WASHINGTON – A military branch of the intelligence community is buying commercially available databases of location data from smartphone apps and searching them for past American movements without a warrant. This emerges from an unclassified memo from the New York Times.
Defense Intelligence Agency analysts have searched a commercial database for the movements of Americans in five investigations over the past two and a half years, agency officials said in a memo they wrote for Senator Ron Wyden, Democrat of Oregon.
The disclosure sheds light on a looming loophole in data protection law in the digital age: In a landmark 2018 decision known as the Carpenter Decision, the Supreme Court ruled that constitutional government must obtain an arrest warrant Forcing telephone companies to hand over location information about their customers. But the government can buy similar data from a broker instead – and doesn't think they need an arrest warrant for it.
"D.I.A. Carpenter's decision to seek a judicial arrest warrant confirming the purchase or use of commercially available data for intelligence purposes should not be interpreted in that way," the agency said in the memo.
Mr. Wyden has made it clear that he intends to propose laws to protect American privacy related to commercially available location data. In a Senate speech earlier this week, he denounced the "where, instead of receiving an order, the government is simply buying Americans' private records from those bad and unregulated commercial data brokers who are simply above the law."

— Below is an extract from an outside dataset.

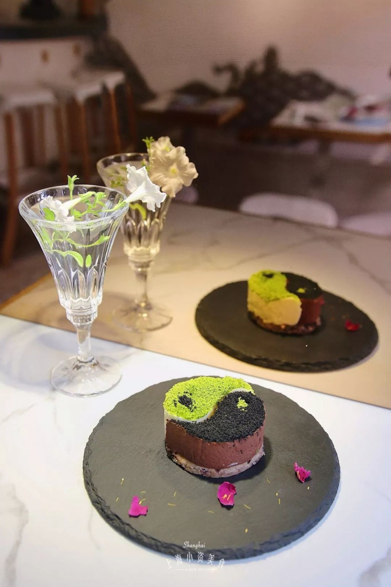 店里的甜品小资君几乎都滚过一遍了,这次就点了新出的“无极”蛋糕。造型像是一个太极的阴阳图案,口味也有2种,分别是生巧克力和柠檬奶酪。
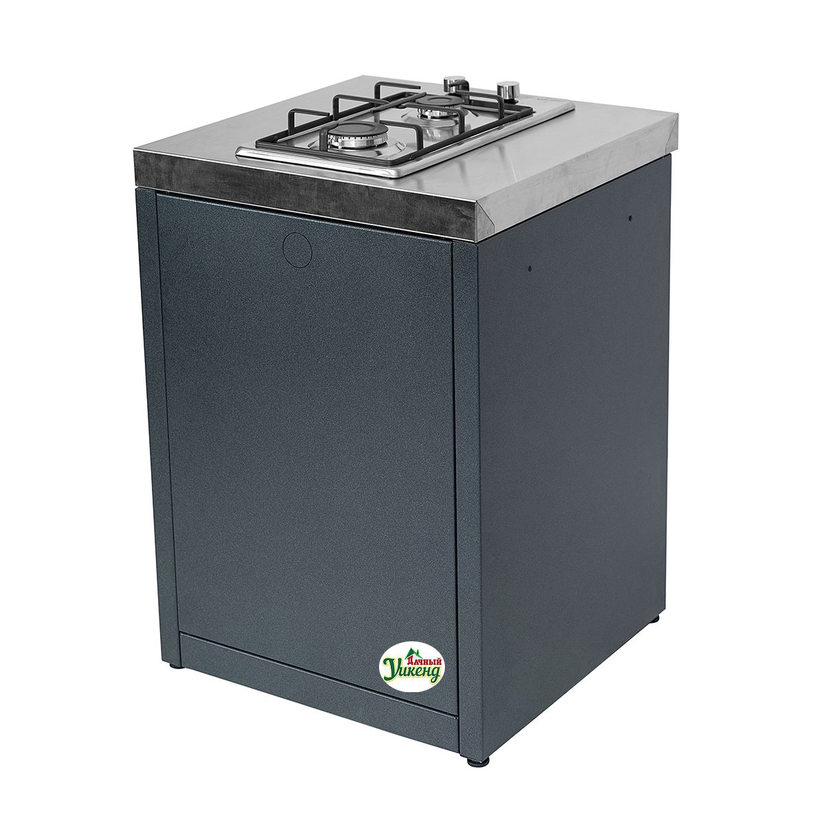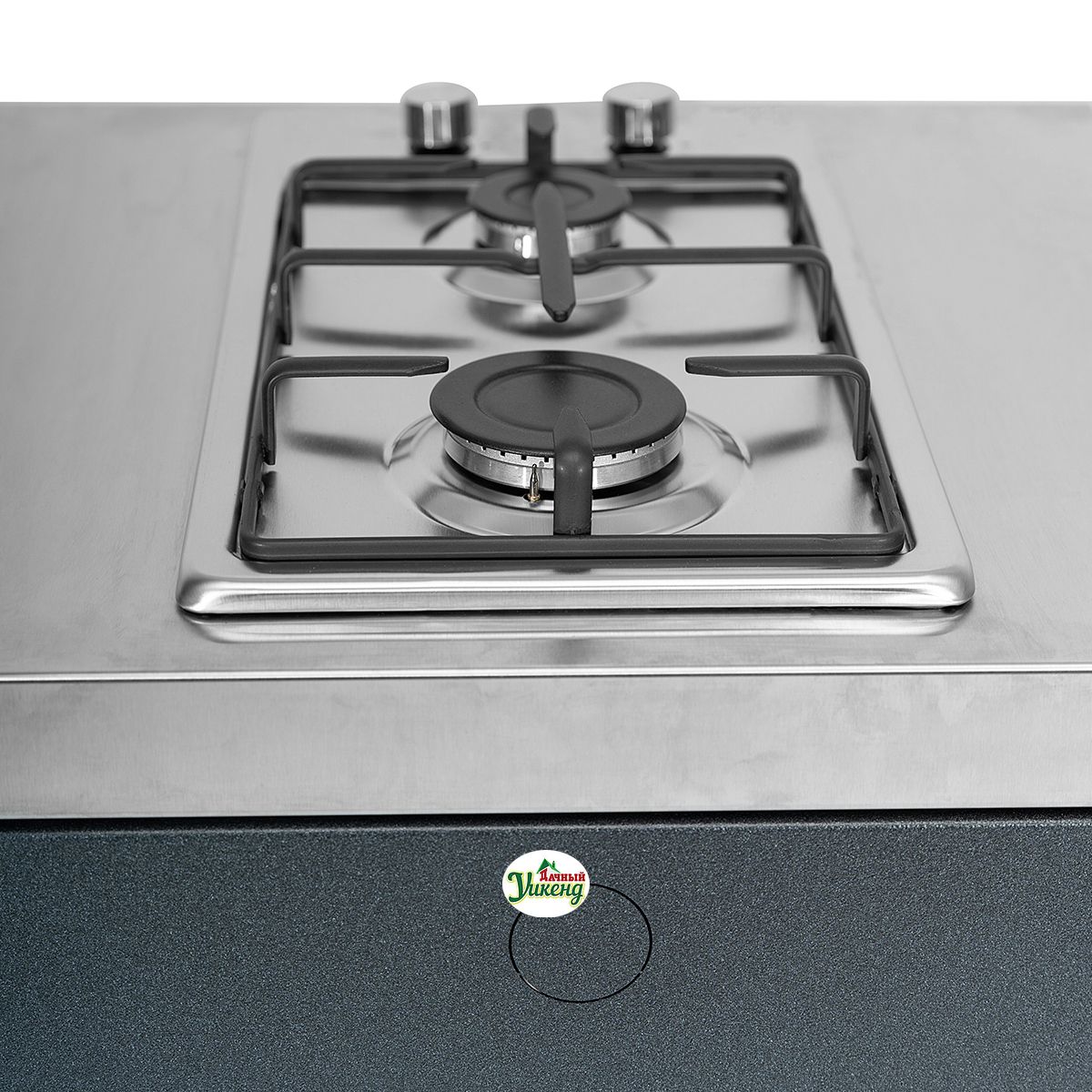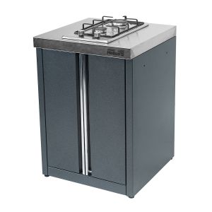 Модификация варочной поверхности включает в себя две конфорки (большая и средняя), поддерживающие решетки, ручки управления газовыми кранами и рабочую плоскость: средняя газовая конфорка - 1,7 кВт, большая газовая конфорка - 2,6 кВт. Высота модуля регулируется с помощью специальных ножек. Каждая деталь модуля от фасадных элементов до столешницы отличается устойчивостью к внешним погодным условиям.

He described the practice as unacceptable and an interference with constitutional data protection rights. "The fourth amendment is not for sale," he said.
The government's use of commercial databases containing location information has been increasingly scrutinized. Many smartphone apps log the locations of their users, and the app makers can aggregate the data and sell it to brokers who can then resell it – including the government.
The government is known to sometimes use such data for law enforcement purposes on home soil.
The Wall Street Journal reported last year about law enforcement agencies using such data. In particular, two departments of the Ministry of Homeland Security – Immigration and Customs Control and Customs and Border Protection – used the data to monitor the border and investigate immigrants who were later arrested.
In October, BuzzFeed reported the existence of a legal memo from the Department of Homeland Security stating that law enforcement agencies were lawfully allowed to purchase and use location data from smartphones without a warrant. The inspector general of the department has initiated an internal review.
The military is also known to sometimes use location data for intelligence purposes.
In November, Vice's motherboard tech blog reported that Muslim Pro, a Muslim prayer and Quran app, had sent its users' location data to a broker called X-Mode, which in turn sold it to defense companies and the U.S. military. Muslim Pro then said it would stop sharing data with X-Mode, and Apple and Google said they would ban apps that use the company's tracking software from phones running their mobile operating systems.
The new memo for Mr. Wyden, written in response to requests from a privacy and cybersecurity assistant in his office, Chris Soghoian, complements this emerging mosaic.
The Defense Intelligence Agency appears to primarily buy and use location data for investigations into foreigners abroad. One of its main tasks is to discover threats to American forces around the world.
However, the memo states that the unidentified broker or brokers that the government buys bulk smartphone location data from does not separate American and overseas users. Instead, the Defense Intelligence Agency processes the incoming data to filter the records that appear to be on home soil and stores them in a separate database.
Agency analysts are only allowed to consult this separate database of American data if they have special permission. The memo goes on to say, “Permission to query US equipment location data has been granted five times for authorized purposes in the past two and a half years. ”
Mr. Wyden asked Avril D. Haines, President Biden's new director of national intelligence, during her confirmation hearing this week about what he called "misuse" of commercially available location information. Ms. Haines said she was not up to date on the issue but stressed the importance of the government being open to the rules by which it operates.
"I would try to essentially publish a framework that will help people understand the circumstances under which we are doing this and the legal basis under which we are doing this," she said. "I think that is part of what is vital to promoting transparency in general, so that people understand the guidelines by which the intelligence services operate."
Mr Wyden's impending legislation on the matter is likely to be embroiled in a major surveillance debate that flared up in Congress last year before it ran aground after unpredictable statements by President Donald J. Trump as he fueled his complaints about the Russia investigation and threatened to veto the bill and not make it clear what would satisfy him.
With Mr Biden in office, the legislature will resume this unresolved issue. The legislation focused on reviving several provisions of the Patriot Act that had expired and whether new safeguards should be put in place, including prohibiting the use of a part known as Section 215 to gather information about surfing the Internet without guarantee.